Building a positive, trusting, high-performance company culture takes time. This culture is the personality that your company projects to the public. Creating such an environment that is sustained over time, takes continual nurturing and planning. Getting to behavioral change requires understanding, open-mindedness and an appreciation of diversity, because it takes all types of personalities to create a solid foundation. Such effort is well worth the time and energy because a positive culture will boost the bottom line through increased productivity, better customer service, and longer positive employee retention.
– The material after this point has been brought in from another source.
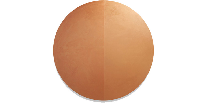 The Tondos are large enough to feel almost like portals into a world of pure color. The depths and roil of purple in Violet Idyl contrast with the elegant golden orange of Cyprian Tondo. A piece like Rosa Reverso shifts dramatically from a subtle, dusty rose-mauve to a shining gold, while a piece like Over & Under Lavendar seems to shift through every possible permutation of the color. The smaller works, move differently but still shift and shine remarkably. From the greeny undertones within the copper sheen of Yellow Copper 6 to the moody aqua of Ryder 6 or the frosted and shadowed orchid-magenta Small Universe, these pieces present a continuing evolution of colors.

This also helps you attract top talent to join your business.
Creating a healthy company culture starts with competent, inspirational leadership
• Leaders who understand that the company culture is the foundation upon which to build success are more likely to respect the diverse thinking and personalities that leads to increased innovation and productivity.
• Leaders who can communicate an inspiring company vision to employees are more likely to find that there is buy-in, and everyone works together to build a positive, energized work environment.
• Leaders who encourage a healthy company culture are more likely to find people who trust and like their management team, respect their leaders and enjoy colleague friendships and they are excited to be a part of the company’s future.
• Leaders who are willing to listen to employees and learn about their different perspectives are more likely to experience an open atmosphere where any confusion or conflicts can be more easily addressed.
But what happens if employees are not happy? When employees are happy, they show up for work each day and work while they’re there. Unhappy employees bring excessive absenteeism, higher than average turnover, and wasted time on personal activities like the use of social media. These habits cause businesses to lose money every day. The amount of money lost due to having to replace employees who leave, or shouldering low productivity levels, can vary greatly. However, we do know that the bottom line will be affected.
Beware of Micromanaging!
We believe that the leader is only as good as the people who surrounds her. A strong company culture, comprised of intelligent, hardworking, and collaborative employees can lead to break-through ideas and quality service. So, if you have this talent, why not delegate.?
If you carefully plan your assignments and delegate with appropriate accountability, productivity expands exponentially. This management method will keep employees focused, motivated and respected. If the leader has hired capable employees, but doesn’t delegate, the company bottom line will suffer. Here’s how:
• Limiting Productivity: Micromanaging causes the leader to operate as a one-person business. By limiting employee delegation, the leader is probably performing part or parts of other employee jobs and still paying that employee, who is not producing. Why add staff if you refuse to let them be productive?
• Limiting Growth: Micromanaging causes leaders to work for the company rather than work on the company. Wasting time performing tasks that employees could handle means that the leader is not working on other activities that only she can accomplish. The ability to expand the company’s horizons is limited by busy work.
• Limited Employee Engagement: Micromanaging can suffocate employee morale. Research indicates that workers with little control of their job tasks and work environment have lower levels of productivity than those allowed to be accountable for their own work. Such micromanaging also causes a higher level of employee turnover as these individuals will develop a feeling of frustration and most likely seek employment elsewhere.
There is a fine line between leaders who delegate effectively and leaders who micromanage. Establishing a positive company culture allows leaders to build a solid company with healthy growth. Employees are there to contribute to that growth. Too many times, leaders fall into the trap of micromanaging and stifling productivity. This affects the bottom line. The profit potential is directly impacted when employees are limited in the work output.